| TASK GOAL |
Restate word for word the lines of the listing below, from its first line through the line with "21、L1、L2、L3为三只", without the pictures.

| DATASET CONTENT |
⟨
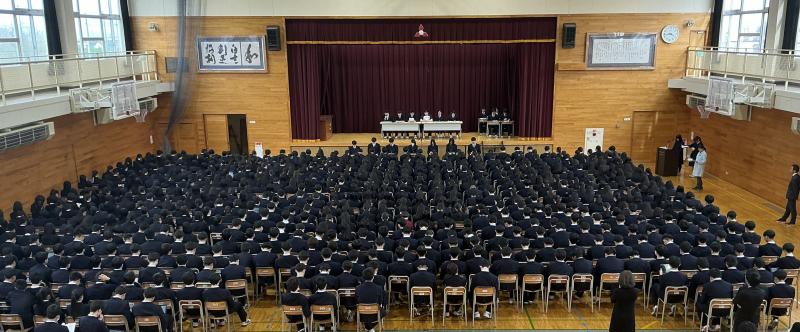第一体育館において前期生徒総会が行われました。R7生徒会活動・R7生徒会決算の報告があり、さらにR8生徒会活動計画・R8生徒会予算が承認されました。また、各委員会の年間活動計画も報告されました。
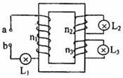 21、L1、L2、L3为三只完全相同的灯泡,按如图所示方式接入一理想变压器。己知匝数比n1:n2=3:1,当a、b接入交流电路时,L2和L3的实际功率为P,此时L1的实际功率P1为___________。^
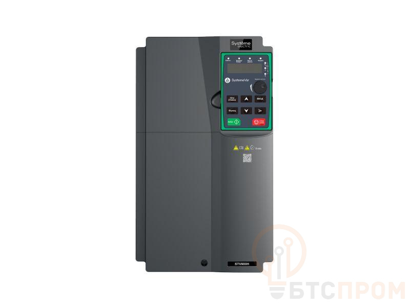 Преобразователь частоты SystemeVar 900H (STV900H). Номинальная мощность: 18,5 кВт (G-тип: перегрузочная способность: 150% в течение 60с, 180% в течение 10с, 200% в течение 1с. Несущая частота ШИМ: 4 кГц). Номинальный ток: 38 А (G-тип). Питающее напряжение 3Ф 380В (-15%) ~ 440В (+10%). Степень защиты IP20. Габаритные размеры (ДхШхВ), мм: 200х208х340,6. Вес: 8,5 кг. Встроенный модуль торможения, встроенный DC-реактор, функция безопасности STO (Safe Torque Off), функция управление тормозом и другие функции для крановых применений. Целевое применение: Кран/Подъемник.
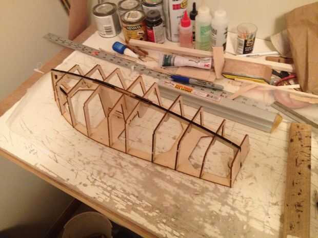 Ahora se pueden montar todas las piezas para el casco en posición. Todas las partes tenían que se enclavija ranuras en ellos. Todo reunido en una superficie plana y presione todos los mamparos en la cubierta. Obtenga todo lo alineado lo mejor posible.
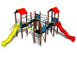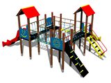 4x Turm, 2x Rutsche, 2x Dach in "A" form, 3x Barriereaus HDPE, Reckstangenaufstieg mit Haltegriffen, Steilaufstieg mit Metallhaltegriffen, Steilaufstieg mit Seil, 2x Seilbrücke, 2x Brücke mit Seilgeländern. Mehr Informationen
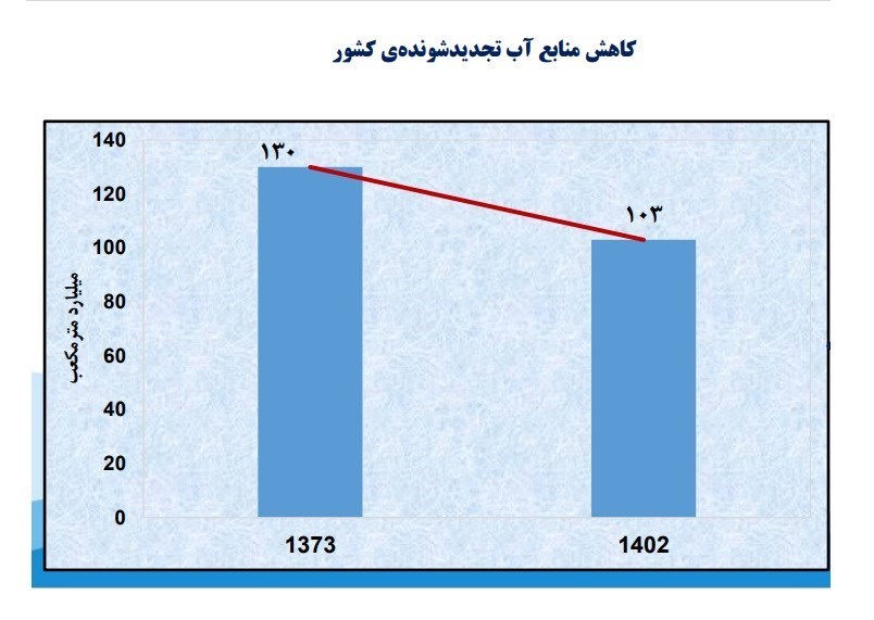 منابع آبی تجدیدشونده ایران در 30 سال گذشته از 130 میلیارد مترمکعب در سال به حدود 100 میلیارد مترمکعب کاهش یافته و بهعبارتی، این کاهش منابع آب تجدیدشونده، بهطور متوسط سالانه حدود یکمیلیارد مترمکعب بوده که رقم بسیار بزرگی است.
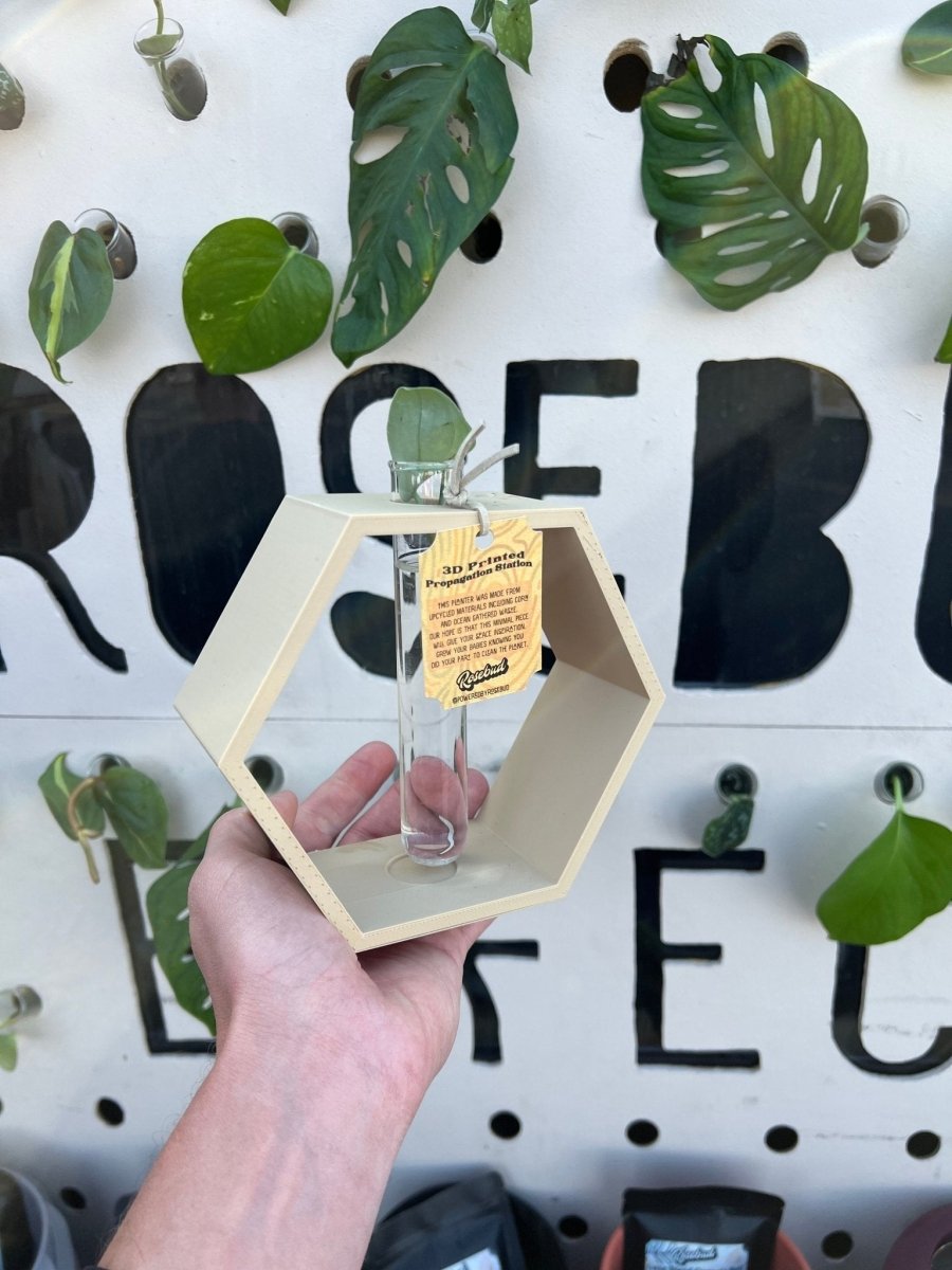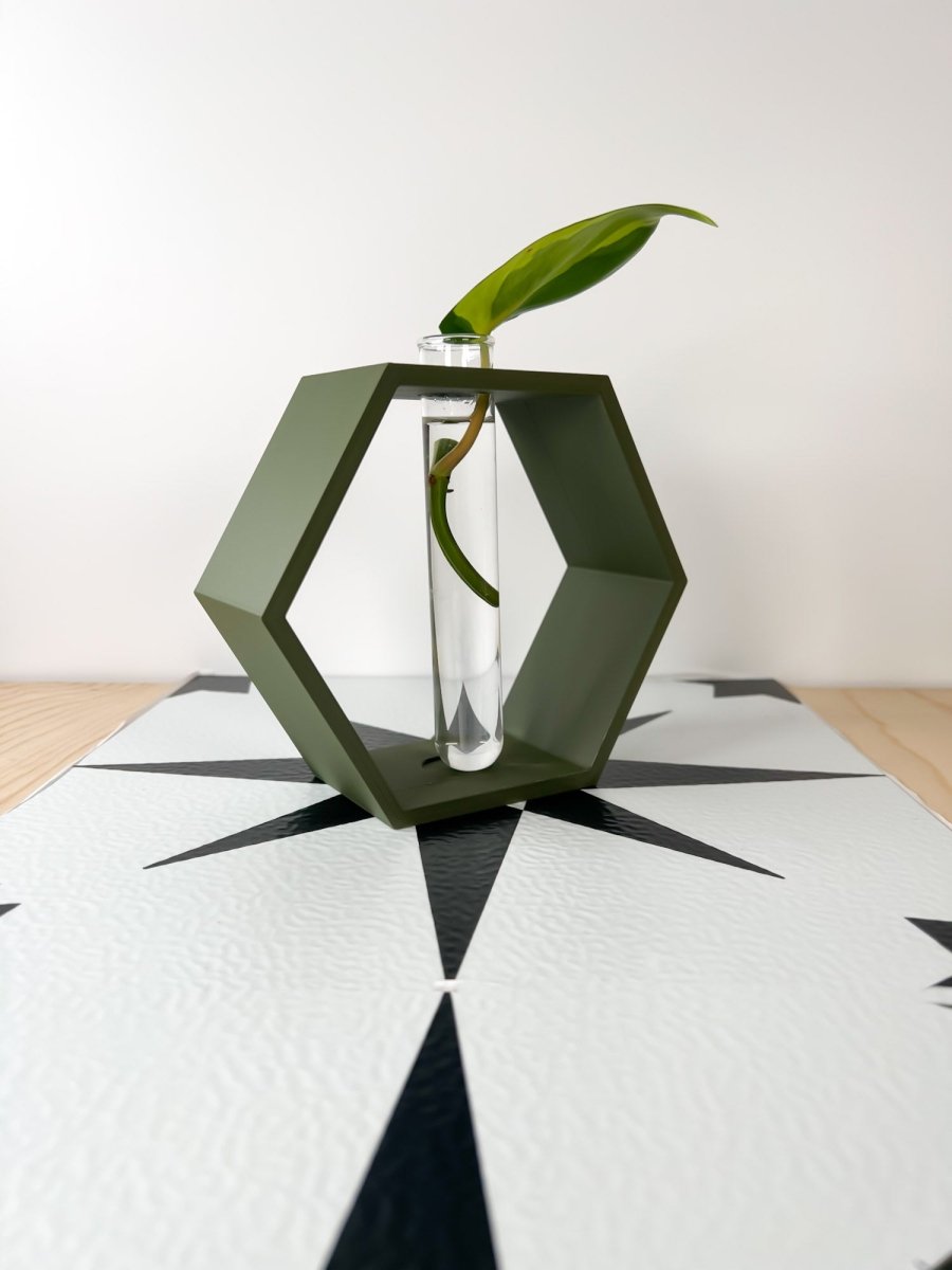 Each hexagon propagation station arrives with everything needed to start rooting your plant cuttings. The set includes a glass tube for holding water and plant stems, plus a sturdy stand that keeps the tube securely positioned. The 6.5" height provides ample space for longer cuttings while maintaining a compact footprint on desks, shelves, or coffee tables.
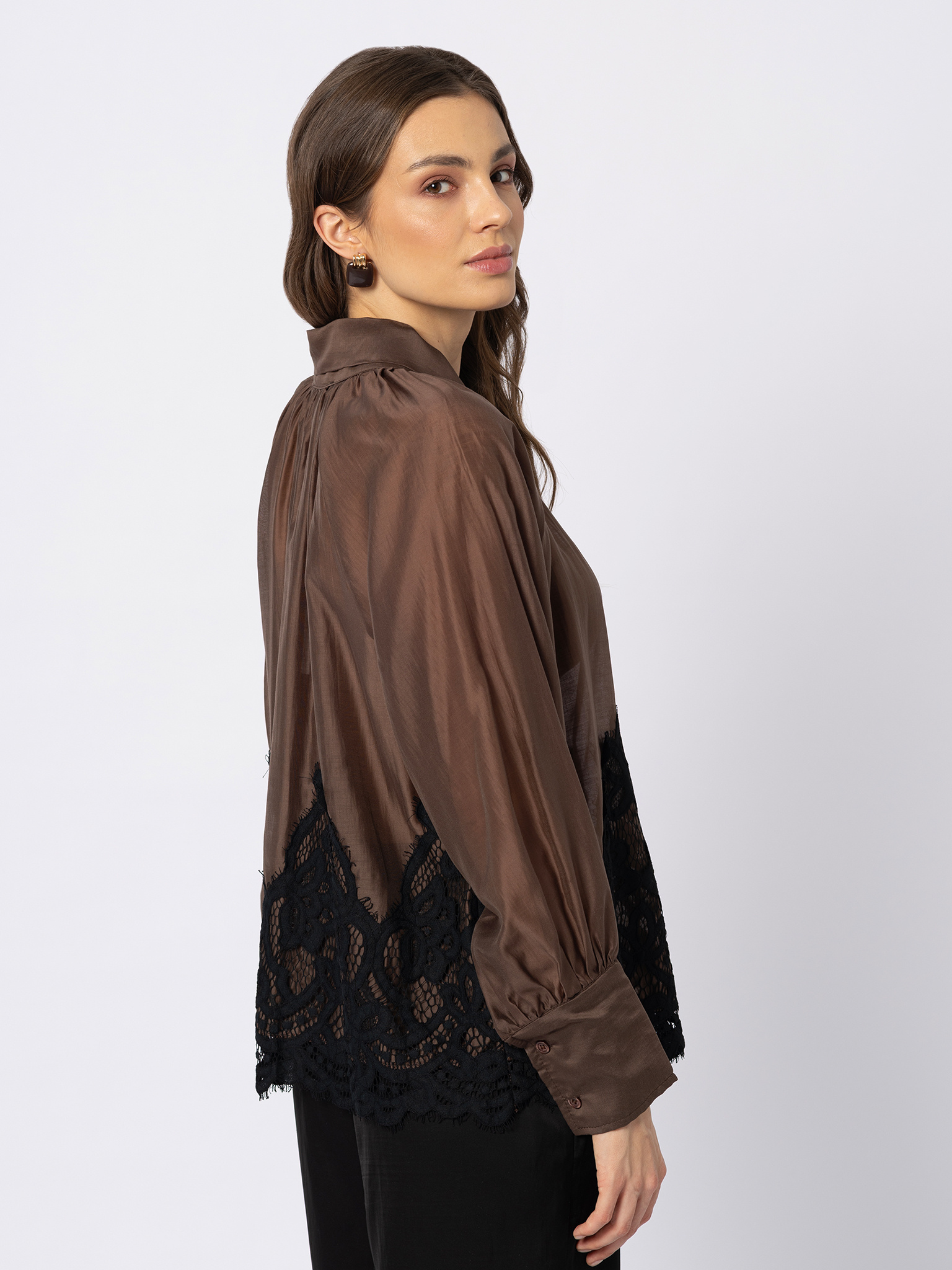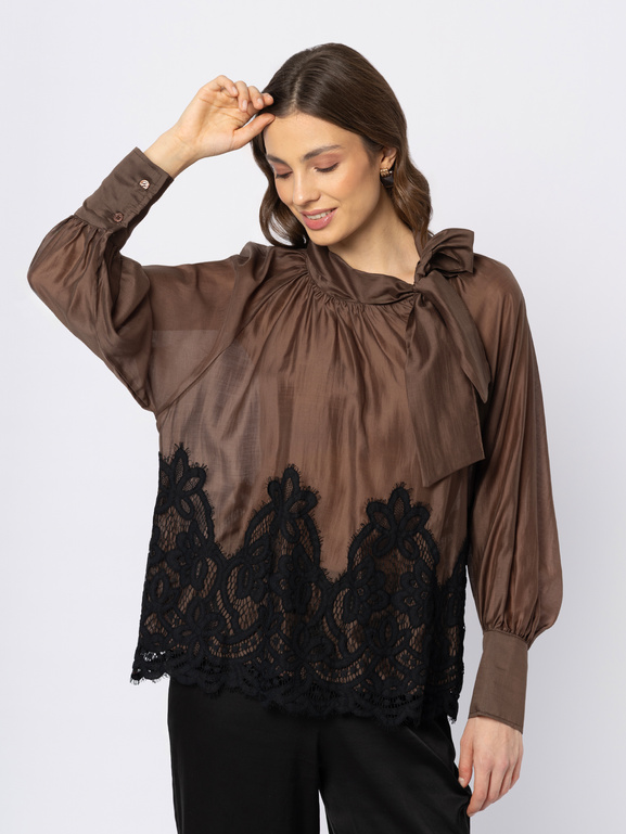 Brązowa bluzka z lyocellu z wiązaniem pod szyją zakończona koronką
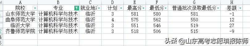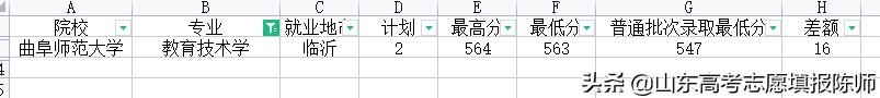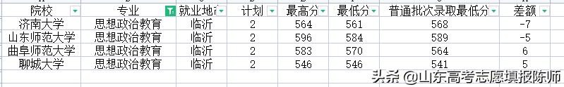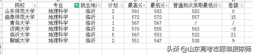 地理科学专业有6所院校招生,录取最低分583——547,临沂大学录取分数高出正常录取21,曲师大高出15分,济南大学又是比正常录取低。
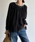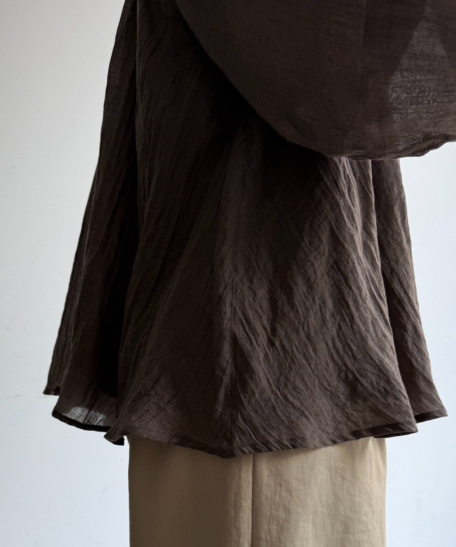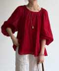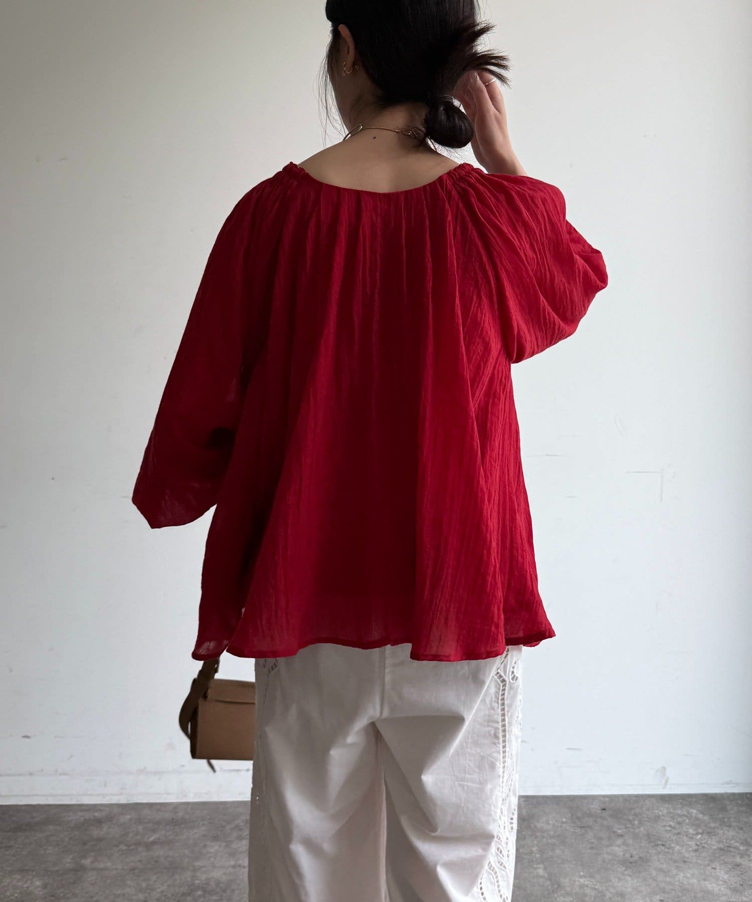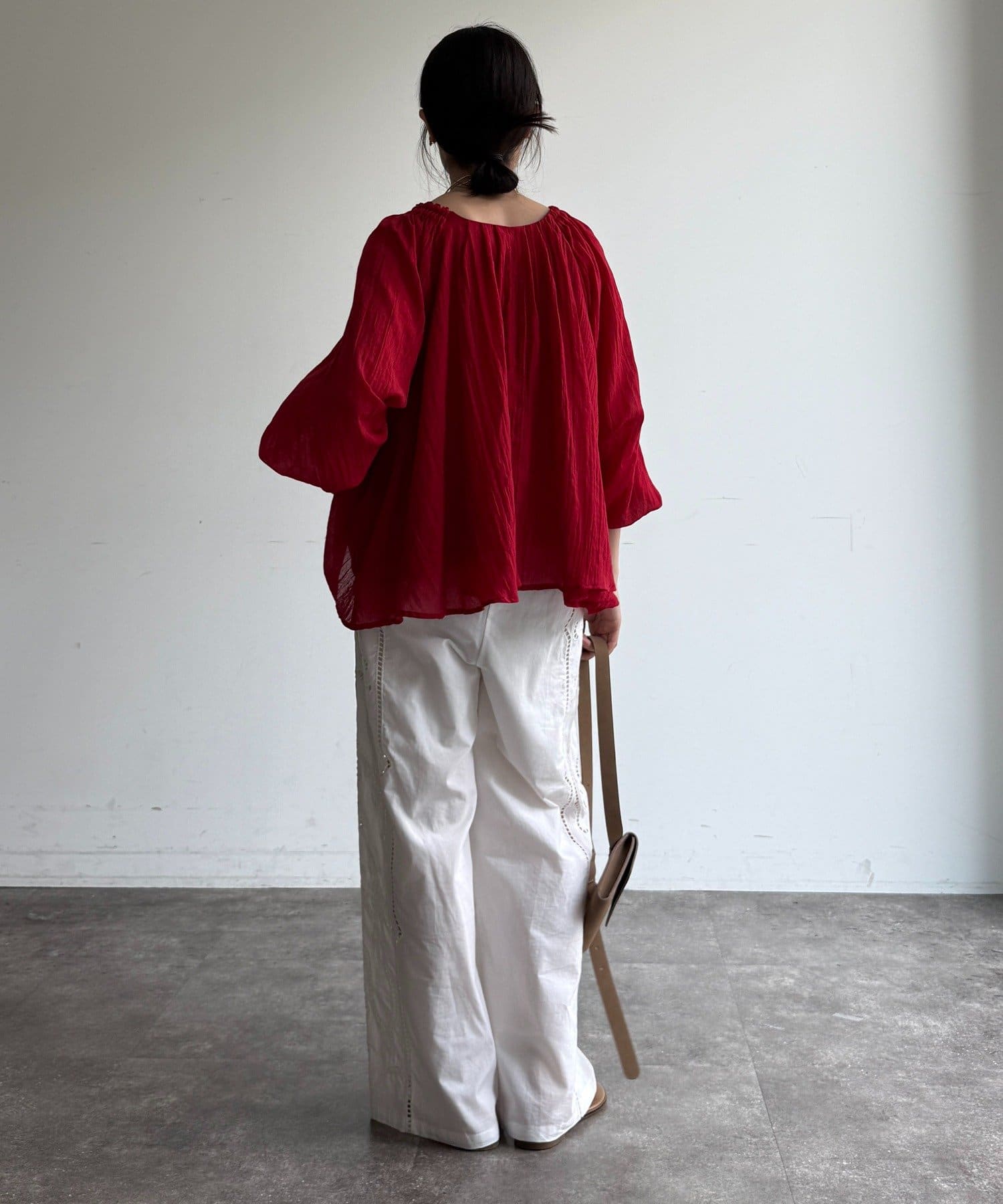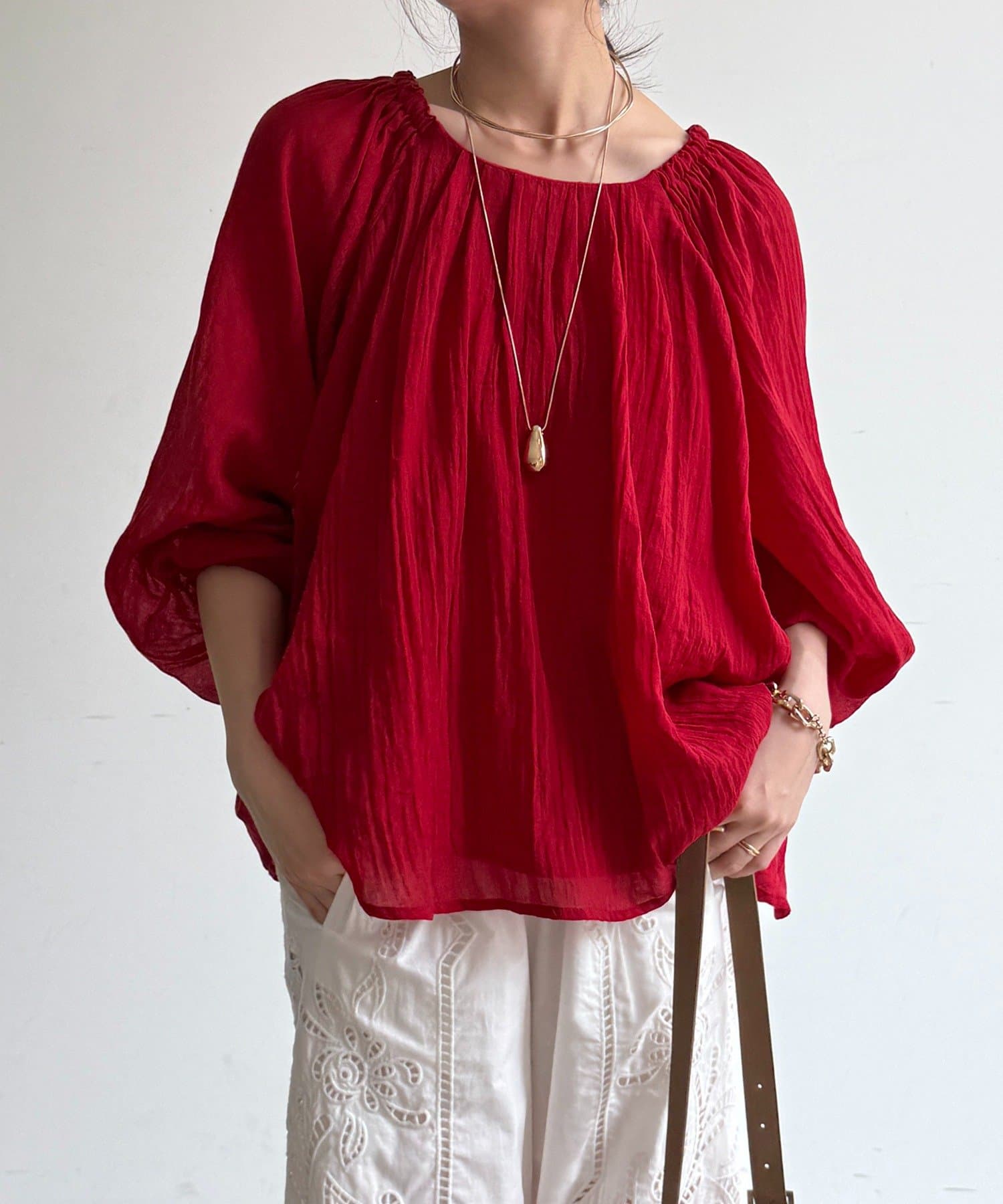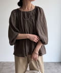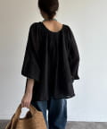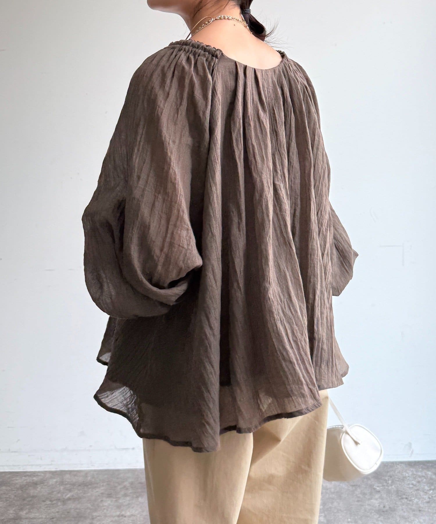 身頃にはたっぷりとギャザーが施されており、自然な立体感と柔らかなドレープを演出。
⟩
| REPLY TO THE TASK |
第一体育館において前期生徒総会が行われました。R7生徒会活動・R7生徒会決算の報告があり、さらにR8生徒会活動計画・R8生徒会予算が承認されました。また、各委員会の年間活動計画も報告されました。
 21、L1、L2、L3为三只完全相同的灯泡,按如图所示方式接入一理想变压器。己知匝数比n1:n2=3:1,当a、b接入交流电路时,L2和L3的实际功率为P,此时L1的实际功率P1为___________。^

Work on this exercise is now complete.